EXERCISE GOAL:
All lines from the one with "国元国际-港股市场周报:恒指" through the last are to be given again exactly as they stand in the data below, and only those.

Stored records:
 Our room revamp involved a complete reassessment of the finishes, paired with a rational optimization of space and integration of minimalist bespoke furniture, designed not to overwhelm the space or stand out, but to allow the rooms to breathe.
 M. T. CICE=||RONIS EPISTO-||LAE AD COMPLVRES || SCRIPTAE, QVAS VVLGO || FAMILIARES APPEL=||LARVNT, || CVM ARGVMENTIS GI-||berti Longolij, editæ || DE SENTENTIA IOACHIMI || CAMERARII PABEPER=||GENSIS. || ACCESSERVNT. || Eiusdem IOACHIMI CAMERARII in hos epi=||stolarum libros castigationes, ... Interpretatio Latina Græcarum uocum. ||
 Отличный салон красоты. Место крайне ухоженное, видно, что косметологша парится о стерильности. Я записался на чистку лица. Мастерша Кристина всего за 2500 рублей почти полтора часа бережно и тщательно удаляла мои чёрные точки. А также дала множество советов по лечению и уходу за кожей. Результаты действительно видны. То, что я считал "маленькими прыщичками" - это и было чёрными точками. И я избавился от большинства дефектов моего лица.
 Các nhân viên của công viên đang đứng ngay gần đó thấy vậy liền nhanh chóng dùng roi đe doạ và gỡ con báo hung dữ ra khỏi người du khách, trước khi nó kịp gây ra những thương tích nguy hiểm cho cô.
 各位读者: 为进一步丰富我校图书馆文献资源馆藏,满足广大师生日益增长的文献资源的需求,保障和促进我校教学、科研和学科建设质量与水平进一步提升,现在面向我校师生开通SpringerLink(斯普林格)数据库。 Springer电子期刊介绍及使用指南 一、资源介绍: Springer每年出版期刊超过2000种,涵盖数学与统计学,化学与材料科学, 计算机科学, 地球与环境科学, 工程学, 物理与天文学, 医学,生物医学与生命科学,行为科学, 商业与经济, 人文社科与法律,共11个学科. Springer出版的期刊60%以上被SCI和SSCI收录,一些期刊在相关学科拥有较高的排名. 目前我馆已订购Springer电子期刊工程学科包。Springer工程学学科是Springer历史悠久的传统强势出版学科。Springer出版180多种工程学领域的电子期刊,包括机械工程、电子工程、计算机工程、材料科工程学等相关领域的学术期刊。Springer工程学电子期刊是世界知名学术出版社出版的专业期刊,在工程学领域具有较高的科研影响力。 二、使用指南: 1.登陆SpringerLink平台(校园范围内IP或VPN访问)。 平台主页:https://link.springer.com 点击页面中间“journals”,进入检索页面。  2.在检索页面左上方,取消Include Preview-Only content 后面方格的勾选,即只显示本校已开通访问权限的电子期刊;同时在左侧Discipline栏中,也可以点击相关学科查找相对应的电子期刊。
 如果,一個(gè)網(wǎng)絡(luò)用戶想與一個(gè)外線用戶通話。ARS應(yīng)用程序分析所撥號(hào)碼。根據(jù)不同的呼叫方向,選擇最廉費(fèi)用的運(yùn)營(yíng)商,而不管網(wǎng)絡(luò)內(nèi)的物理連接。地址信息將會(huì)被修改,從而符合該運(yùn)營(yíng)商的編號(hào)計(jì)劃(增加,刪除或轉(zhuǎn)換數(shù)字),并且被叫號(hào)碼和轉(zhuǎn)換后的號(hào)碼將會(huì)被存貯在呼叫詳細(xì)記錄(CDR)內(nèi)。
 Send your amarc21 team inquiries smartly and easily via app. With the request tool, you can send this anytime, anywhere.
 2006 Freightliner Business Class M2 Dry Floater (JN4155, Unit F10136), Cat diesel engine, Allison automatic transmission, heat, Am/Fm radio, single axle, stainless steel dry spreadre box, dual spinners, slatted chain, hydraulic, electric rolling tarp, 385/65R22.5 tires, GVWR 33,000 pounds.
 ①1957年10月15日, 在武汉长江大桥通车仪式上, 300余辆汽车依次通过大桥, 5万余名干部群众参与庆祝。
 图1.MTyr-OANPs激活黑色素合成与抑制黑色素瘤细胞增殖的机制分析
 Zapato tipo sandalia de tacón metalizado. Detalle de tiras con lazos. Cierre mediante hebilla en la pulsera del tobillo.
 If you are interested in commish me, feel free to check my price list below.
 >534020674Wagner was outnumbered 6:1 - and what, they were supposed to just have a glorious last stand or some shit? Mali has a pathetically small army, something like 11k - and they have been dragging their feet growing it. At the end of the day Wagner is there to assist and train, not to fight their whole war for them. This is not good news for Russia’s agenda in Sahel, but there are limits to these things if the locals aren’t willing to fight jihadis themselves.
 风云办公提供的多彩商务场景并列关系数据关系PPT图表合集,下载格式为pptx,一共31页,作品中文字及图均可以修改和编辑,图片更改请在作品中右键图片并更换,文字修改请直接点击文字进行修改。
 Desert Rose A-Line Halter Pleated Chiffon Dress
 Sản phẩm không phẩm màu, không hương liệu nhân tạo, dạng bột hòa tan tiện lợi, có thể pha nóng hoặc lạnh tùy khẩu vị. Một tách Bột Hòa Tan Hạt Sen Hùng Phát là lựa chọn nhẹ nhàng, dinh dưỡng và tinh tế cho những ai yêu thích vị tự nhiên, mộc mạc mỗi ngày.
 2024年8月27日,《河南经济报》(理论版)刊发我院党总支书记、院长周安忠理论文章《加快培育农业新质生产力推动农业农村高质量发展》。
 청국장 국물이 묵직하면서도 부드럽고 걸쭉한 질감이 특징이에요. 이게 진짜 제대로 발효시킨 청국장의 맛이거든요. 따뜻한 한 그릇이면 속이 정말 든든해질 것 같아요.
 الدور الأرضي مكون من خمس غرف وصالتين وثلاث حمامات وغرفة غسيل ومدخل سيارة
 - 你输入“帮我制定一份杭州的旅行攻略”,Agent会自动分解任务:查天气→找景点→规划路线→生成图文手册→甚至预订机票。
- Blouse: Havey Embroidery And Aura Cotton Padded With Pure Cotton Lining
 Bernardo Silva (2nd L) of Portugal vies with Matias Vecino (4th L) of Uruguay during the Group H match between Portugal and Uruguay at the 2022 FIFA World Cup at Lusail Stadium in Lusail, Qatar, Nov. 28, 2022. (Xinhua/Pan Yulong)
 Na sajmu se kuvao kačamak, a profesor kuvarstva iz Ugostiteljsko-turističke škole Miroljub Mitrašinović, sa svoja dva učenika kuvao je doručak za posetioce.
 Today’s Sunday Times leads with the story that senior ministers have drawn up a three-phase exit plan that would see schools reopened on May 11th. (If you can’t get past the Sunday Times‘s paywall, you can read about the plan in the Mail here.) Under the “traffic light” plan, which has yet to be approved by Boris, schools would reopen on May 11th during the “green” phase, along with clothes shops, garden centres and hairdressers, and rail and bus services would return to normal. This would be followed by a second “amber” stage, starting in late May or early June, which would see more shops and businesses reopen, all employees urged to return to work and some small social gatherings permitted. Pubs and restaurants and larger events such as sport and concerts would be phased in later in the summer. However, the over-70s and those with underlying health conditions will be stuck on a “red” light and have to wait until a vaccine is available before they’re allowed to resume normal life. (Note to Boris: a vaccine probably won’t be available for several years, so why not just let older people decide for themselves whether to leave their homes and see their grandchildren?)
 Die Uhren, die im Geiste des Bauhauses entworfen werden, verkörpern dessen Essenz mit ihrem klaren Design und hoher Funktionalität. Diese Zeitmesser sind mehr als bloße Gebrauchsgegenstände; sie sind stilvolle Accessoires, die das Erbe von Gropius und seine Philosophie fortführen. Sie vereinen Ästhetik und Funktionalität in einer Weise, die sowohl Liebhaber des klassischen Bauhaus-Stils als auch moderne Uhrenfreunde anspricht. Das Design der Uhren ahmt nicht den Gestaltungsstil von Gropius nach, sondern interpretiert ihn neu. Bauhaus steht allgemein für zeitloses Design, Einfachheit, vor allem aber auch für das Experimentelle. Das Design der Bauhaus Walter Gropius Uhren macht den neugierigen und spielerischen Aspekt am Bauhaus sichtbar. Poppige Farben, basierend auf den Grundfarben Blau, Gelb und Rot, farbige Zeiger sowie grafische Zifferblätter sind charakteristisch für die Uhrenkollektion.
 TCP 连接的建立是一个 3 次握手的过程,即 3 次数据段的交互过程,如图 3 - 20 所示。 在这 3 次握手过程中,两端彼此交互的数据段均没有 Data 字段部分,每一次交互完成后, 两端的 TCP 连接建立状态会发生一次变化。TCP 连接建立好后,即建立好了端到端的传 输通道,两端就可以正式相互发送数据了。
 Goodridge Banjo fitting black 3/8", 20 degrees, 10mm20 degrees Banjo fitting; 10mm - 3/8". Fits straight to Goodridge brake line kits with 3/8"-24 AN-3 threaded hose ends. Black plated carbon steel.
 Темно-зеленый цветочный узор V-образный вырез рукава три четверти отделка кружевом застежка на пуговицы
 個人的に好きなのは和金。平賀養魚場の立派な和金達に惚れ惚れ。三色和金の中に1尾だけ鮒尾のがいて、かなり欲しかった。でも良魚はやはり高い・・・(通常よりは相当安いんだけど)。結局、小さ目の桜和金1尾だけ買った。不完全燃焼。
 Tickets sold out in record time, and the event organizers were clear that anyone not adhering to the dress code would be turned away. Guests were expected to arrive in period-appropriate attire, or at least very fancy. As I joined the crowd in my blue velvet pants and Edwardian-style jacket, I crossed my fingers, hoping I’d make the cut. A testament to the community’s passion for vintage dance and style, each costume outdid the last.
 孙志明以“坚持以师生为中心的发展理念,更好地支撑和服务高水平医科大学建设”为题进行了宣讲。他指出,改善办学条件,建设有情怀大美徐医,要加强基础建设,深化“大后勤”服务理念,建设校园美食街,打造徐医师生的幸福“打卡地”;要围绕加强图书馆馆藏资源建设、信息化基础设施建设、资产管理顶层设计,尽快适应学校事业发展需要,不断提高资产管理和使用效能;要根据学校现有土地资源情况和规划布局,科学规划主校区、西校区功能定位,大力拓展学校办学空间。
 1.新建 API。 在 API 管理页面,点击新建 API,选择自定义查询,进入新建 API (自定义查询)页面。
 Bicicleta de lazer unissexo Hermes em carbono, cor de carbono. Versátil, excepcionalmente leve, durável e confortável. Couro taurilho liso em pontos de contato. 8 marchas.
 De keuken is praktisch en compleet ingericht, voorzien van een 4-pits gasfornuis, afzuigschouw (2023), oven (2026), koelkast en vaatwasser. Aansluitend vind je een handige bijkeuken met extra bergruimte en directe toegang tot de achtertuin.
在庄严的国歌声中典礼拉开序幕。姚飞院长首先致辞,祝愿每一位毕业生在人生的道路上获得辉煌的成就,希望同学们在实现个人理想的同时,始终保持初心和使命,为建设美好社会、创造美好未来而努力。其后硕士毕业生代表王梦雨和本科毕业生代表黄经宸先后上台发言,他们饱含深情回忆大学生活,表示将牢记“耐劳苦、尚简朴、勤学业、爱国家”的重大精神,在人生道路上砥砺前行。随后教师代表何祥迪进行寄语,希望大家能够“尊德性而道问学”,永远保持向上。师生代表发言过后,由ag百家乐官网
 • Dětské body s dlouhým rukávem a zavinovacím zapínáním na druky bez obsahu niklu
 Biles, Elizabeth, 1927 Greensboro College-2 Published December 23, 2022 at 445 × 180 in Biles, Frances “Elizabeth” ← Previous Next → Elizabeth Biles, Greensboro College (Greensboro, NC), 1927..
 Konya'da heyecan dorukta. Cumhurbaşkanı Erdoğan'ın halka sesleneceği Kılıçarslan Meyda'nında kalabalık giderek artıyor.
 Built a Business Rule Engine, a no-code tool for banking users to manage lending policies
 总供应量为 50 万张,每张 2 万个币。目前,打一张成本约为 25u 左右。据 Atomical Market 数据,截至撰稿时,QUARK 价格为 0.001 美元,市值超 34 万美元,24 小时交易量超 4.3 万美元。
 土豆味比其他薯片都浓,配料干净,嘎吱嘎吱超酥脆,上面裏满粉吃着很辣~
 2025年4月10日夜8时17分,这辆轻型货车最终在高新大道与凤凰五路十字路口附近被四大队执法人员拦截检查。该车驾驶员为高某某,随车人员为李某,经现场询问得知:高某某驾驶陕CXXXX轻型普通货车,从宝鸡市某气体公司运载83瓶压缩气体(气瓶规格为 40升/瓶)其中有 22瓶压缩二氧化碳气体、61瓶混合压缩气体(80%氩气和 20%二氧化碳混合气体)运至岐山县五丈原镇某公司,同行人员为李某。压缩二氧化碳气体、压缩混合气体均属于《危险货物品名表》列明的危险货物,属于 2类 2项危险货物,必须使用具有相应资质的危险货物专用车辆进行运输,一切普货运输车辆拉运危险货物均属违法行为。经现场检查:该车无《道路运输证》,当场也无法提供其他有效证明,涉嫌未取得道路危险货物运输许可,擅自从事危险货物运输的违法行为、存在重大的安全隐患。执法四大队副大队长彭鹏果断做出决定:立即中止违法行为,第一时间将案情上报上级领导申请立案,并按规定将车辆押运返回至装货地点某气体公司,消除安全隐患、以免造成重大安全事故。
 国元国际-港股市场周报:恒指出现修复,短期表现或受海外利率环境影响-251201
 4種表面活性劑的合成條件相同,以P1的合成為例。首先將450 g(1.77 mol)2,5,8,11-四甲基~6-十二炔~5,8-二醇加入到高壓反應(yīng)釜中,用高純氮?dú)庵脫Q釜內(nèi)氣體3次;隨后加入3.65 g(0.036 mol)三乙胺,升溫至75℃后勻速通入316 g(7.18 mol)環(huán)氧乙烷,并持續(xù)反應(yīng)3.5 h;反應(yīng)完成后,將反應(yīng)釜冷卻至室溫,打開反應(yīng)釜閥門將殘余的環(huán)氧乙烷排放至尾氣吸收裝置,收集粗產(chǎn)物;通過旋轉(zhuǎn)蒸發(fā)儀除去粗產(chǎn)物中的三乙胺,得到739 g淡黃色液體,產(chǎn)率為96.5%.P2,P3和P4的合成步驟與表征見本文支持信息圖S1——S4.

THE ANSWER:
 国元国际-港股市场周报:恒指出现修复,短期表现或受海外利率环境影响-251201
 4種表面活性劑的合成條件相同,以P1的合成為例。首先將450 g(1.77 mol)2,5,8,11-四甲基~6-十二炔~5,8-二醇加入到高壓反應(yīng)釜中,用高純氮?dú)庵脫Q釜內(nèi)氣體3次;隨后加入3.65 g(0.036 mol)三乙胺,升溫至75℃后勻速通入316 g(7.18 mol)環(huán)氧乙烷,并持續(xù)反應(yīng)3.5 h;反應(yīng)完成后,將反應(yīng)釜冷卻至室溫,打開反應(yīng)釜閥門將殘余的環(huán)氧乙烷排放至尾氣吸收裝置,收集粗產(chǎn)物;通過旋轉(zhuǎn)蒸發(fā)儀除去粗產(chǎn)物中的三乙胺,得到739 g淡黃色液體,產(chǎn)率為96.5%.P2,P3和P4的合成步驟與表征見本文支持信息圖S1——S4.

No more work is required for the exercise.